Sports court confirms football bans imposed on Russian teams

LAUSANNE, Switzerland (AP) — Russia remains barred from major European soccer competitions, including the Champions League, after the Court of…

LAUSANNE, Switzerland (AP) — Russia remains barred from major European soccer competitions, including the Champions League, after the Court of Arbitration for Sport on Friday dismissed appeals from the national soccer federation and four clubs.

The CAS upheld UEFA and FIFA decisions that excluded Russian national teams and clubs following the Russian invasion of Ukraine.

Russia were already excluded from the qualifiers for the Men’s World Cup and the Women’s European Championship. His clubs will not participate in competitions like the Champions League in 2022-23.

“The panel finds it regrettable that the ongoing military operations in Ukraine, for which Russian football teams, clubs and players themselves have no responsibility, have had, due to the decisions of FIFA and the UEFA, such a negative effect on them and on Russian football generally, but these effects were, in the opinion of the panel, outweighed by the need for a safe and orderly conduct of football events for the rest of the world” , the CAS said.

The decision adds that FIFA and UEFA did not exceed their authority in dealing with “unforeseen and unprecedented circumstances”.

The decision leaves national champion Zenit St. Petersburg out of the Champions League group stage. Another Russian team, Sochi, will be excluded from the Champions League third qualifying round draw, scheduled for Monday. If Russia had been allowed to participate, it was unclear where their home matches could be staged or whether Ukrainian clubs would boycott.

Friday’s decision was widely expected by Russian clubs. They have planned to schedule domestic cup games on the dates when European games are played next season.
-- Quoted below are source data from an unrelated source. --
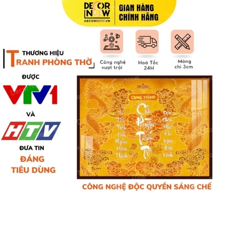 Tranh hoằng pháp ngang chữ Cửu Huyền Thất Tổ rồng bay DecorNow TC206 là một tác phẩm nghệ thuật độc đáo, mang đậm ý nghĩa tâm linh và giá trị văn hóa truyền thống. Với thiết kế tinh xảo và hình ảnh rồng bay mạnh mẽ, cùng với điểm nhấn chữ “Cửu Huyền Thất Tổ”, mang đến ý nghĩa về lòng thành kính và ghi nhớ công ơn của tổ tiên cùng các bậc tiền nhân qua nhiều thế hệ. Tranh sẽ rất phù hợp để trang trí bàn thờ, đặc biệt là khi treo phía sau tượng Phật hoặc bàn thờ gia tiên, mang lại cảm giác bình an cho gia đình.
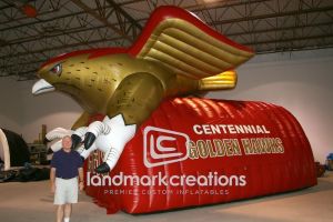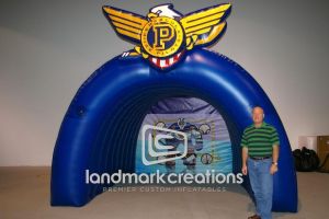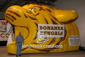 This is what most people think of when inflatables come to mind. Available in custom sizes and designs, cold-air inflatables can be mounted on the ground, on rooftops, indoors or at any fixed location. They inflate with the aid of a blower system in just minutes bringing your product replica, mascot, logo or sports tunnel to life.
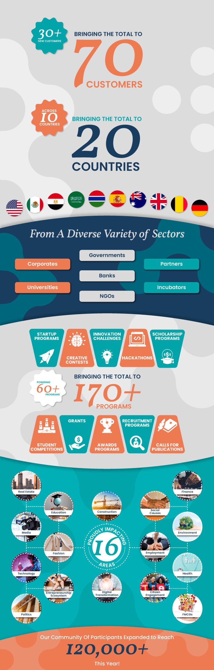 2022 has also been generous when it came to the programs powered on our platform. We are proud that our programs aren’t just numbers; each program made a huge impact and had a unique purpose. Those programs allowed us to leave a stamp in different sectors, whether by generating ideas and solutions or by discovering new talents who are worthy of an opportunity to shine.
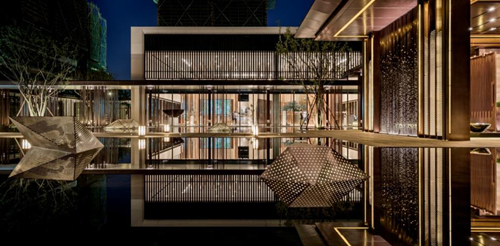 水院中庭的中軸如橋一般浮于水面之上,定制風燈立于兩側,極富序列式的儀式感,似乎在迎接您歸家。傍水造園,四周回廊圍合,恰似玲瓏的江南水院。雨夜漫步于回廊,讓人感受到空間的尊貴與包容,幾何雕塑立于水上似山似石。
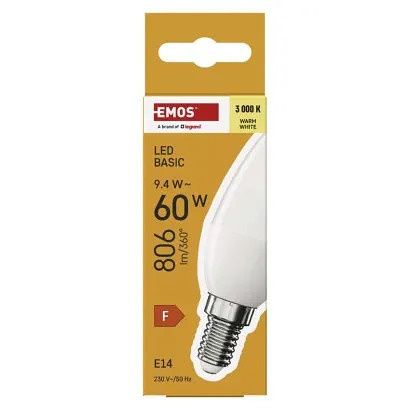 EMOS LED žárovka Basic svíčka / E14 / 9,4 W (60 W) / 806 lm / teplá bílá
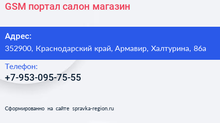 GSM-портал, салон-магазин по адресу 352900, Краснодарский край, Армавир, Халтурина, 86а в дальнейшем Организация, размещена в следующих категориях:

The CAS did not call the fighting an “invasion” or a “war” – terms rejected by Russia, which calls its actions a “special military operation” – and did not assign blame.

Russia’s national football federation said it “completely disagrees with the CAS decision and reserves the right to continue to protect its own interests”. Next steps could include a compensation claim or a new appeal to the Swiss Supreme Court. The Swiss Federal Tribunal only reverses CAS decisions on limited grounds such as abuse of process.

Among those to benefit from the move is Ukrainian club Shakhtar Donetsk. Russia’s exclusion means they retain a spot in the Champions League group stage as the second-highest-ranked country team. Shakhtar have not played in their hometown of Donetsk in eastern Ukraine since the region was taken over by Russian-backed separatists in 2014.

“Sport in Russia and football in particular are a major tool of state propaganda, advancing Russia’s policies of death and destruction,” Shakhtar CEO Sergei Palkin said in a statement. “And we thank the tribunal for echoing organizations from different sectors around the world in excluding and isolating Russia from any ‘normal existence’ until it ends the war against Ukraine and renounce all occupied Ukrainian territories.”

Ukrainian clubs will play their European matches next season at neutral venues abroad, with Shakhtar planning to host games in Poland.

After the invasion began in February, Poland, Sweden and the Czech Republic all pledged to boycott World Cup qualifiers against Russia scheduled for March. This left UEFA and FIFA to choose between excluding Russia or potentially allowing the Russian team to qualify by default.

The Russian men’s team was disqualified from the ongoing Nations League, leading to automatic relegation. Its next major competition will be in March, when qualifying for the 2024 European Championship begins. The women’s national team was replaced by Portugal at the European Championship in England this month and was dropped from the qualifying for next year’s World Cup. Russia also remain excluded from a series of youth and age group competitions.

The CAS must also hear other cases involving Russian athletes and teams in many other sports. Many governing bodies have justified Russia’s exclusion on security grounds similar to those cited by UEFA.

Olympic sports have mostly followed the lead of the International Olympic Committee, which says its recommendation to exclude athletes from Russia and its ally Belarus is intended to protect those competitors from possible harm.

The football cases were among the first to be decided by CAS due to the looming deadline for the Champions League qualifying draw.